- [Exercise instructions]:
Because the images are not wanted, restate every line below word for word without them.

[Opening The data section]

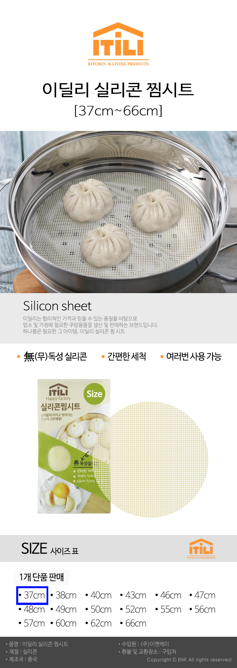 상품명:이딜리 찜판 실리콘 찜시트 만두판 찜깔판 깔개 37cm
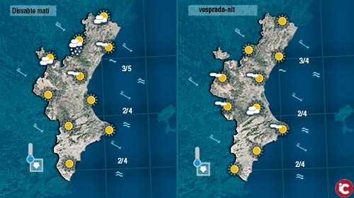 A més tindrem el cel més ennuvolat. Un front, no massa actiu, ens creuarà de nord a sud deixant ruixats dèbils (segurament inapreciables) de matí a Castelló, a partir de migdia al centre i de vesprada al sud. Precipitacions que seran en forma de neu a cotes prou baixes. Llàstima que seran anecdòtiques.
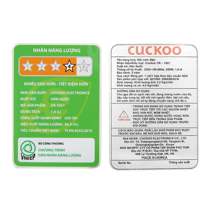 Nồi Cơm Điện Nắp Gài Cuckoo CR-1021 dung tích 1.8L Hàn Quốc
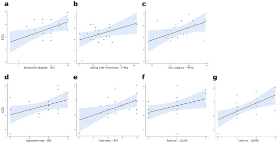 Correlation analyses computed between ECPi, CCPi and scale scores from GDMS, MS, BFI, and FFMQ highlighted significant positive correlations between the ECPi and the BFI EmotionalStability score (r = 0.524, p = 0.018, Figure 1a), and the FFMQ ActWithAwareness (r = 0.458, p = 0.042, Figure 1b) and NonJudging (r = 0.467, p = 0.038, Figure 1c) scores. Again, analyses highlighted significant positive correlations between the CCPi and the BFI Agreeableness (r = 0.450, p = 0.046, Figure 1d) and Openness (r = 0.522, p = 0.018, Figure 1e) scores, and the GDMS Rationale (r = 0.447, p = 0.048, Figure 1f) and Intuitive (r = 0.603, p = 0.005, Figure 1g) scores. No other correlation coefficient was found to reach the statistical threshold.
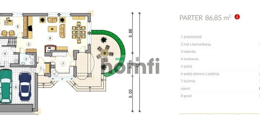 GROUND FLOOR (86.85 m² + garage 33.35 m²):
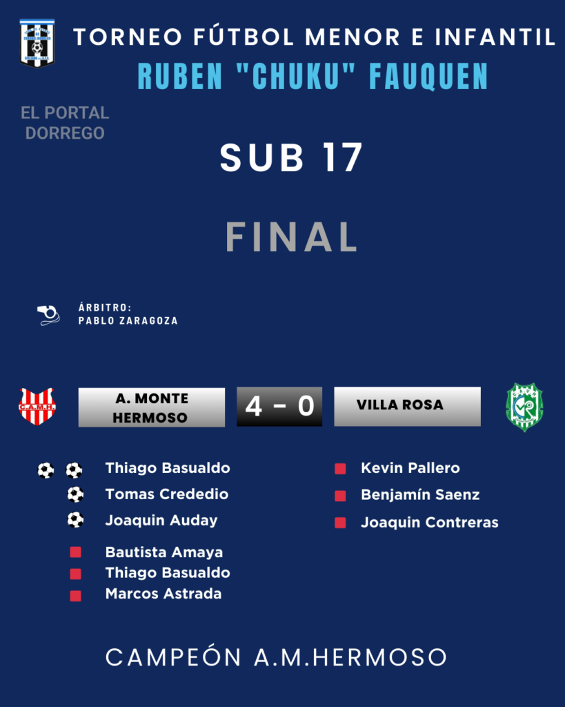 Fútbol menorSub 17A.M.Hermoso se consagró campeón de la categoría, al ganar la final ante V.Rosa por 4 a 0

[Closing The data section]

- [Solution to this exercise]:
 상품명:이딜리 찜판 실리콘 찜시트 만두판 찜깔판 깔개 37cm
 A més tindrem el cel més ennuvolat. Un front, no massa actiu, ens creuarà de nord a sud deixant ruixats dèbils (segurament inapreciables) de matí a Castelló, a partir de migdia al centre i de vesprada al sud. Precipitacions que seran en forma de neu a cotes prou baixes. Llàstima que seran anecdòtiques.
 Nồi Cơm Điện Nắp Gài Cuckoo CR-1021 dung tích 1.8L Hàn Quốc
 Correlation analyses computed between ECPi, CCPi and scale scores from GDMS, MS, BFI, and FFMQ highlighted significant positive correlations between the ECPi and the BFI EmotionalStability score (r = 0.524, p = 0.018, Figure 1a), and the FFMQ ActWithAwareness (r = 0.458, p = 0.042, Figure 1b) and NonJudging (r = 0.467, p = 0.038, Figure 1c) scores. Again, analyses highlighted significant positive correlations between the CCPi and the BFI Agreeableness (r = 0.450, p = 0.046, Figure 1d) and Openness (r = 0.522, p = 0.018, Figure 1e) scores, and the GDMS Rationale (r = 0.447, p = 0.048, Figure 1f) and Intuitive (r = 0.603, p = 0.005, Figure 1g) scores. No other correlation coefficient was found to reach the statistical threshold.
 GROUND FLOOR (86.85 m² + garage 33.35 m²):
 Fútbol menorSub 17A.M.Hermoso se consagró campeón de la categoría, al ganar la final ante V.Rosa por 4 a 0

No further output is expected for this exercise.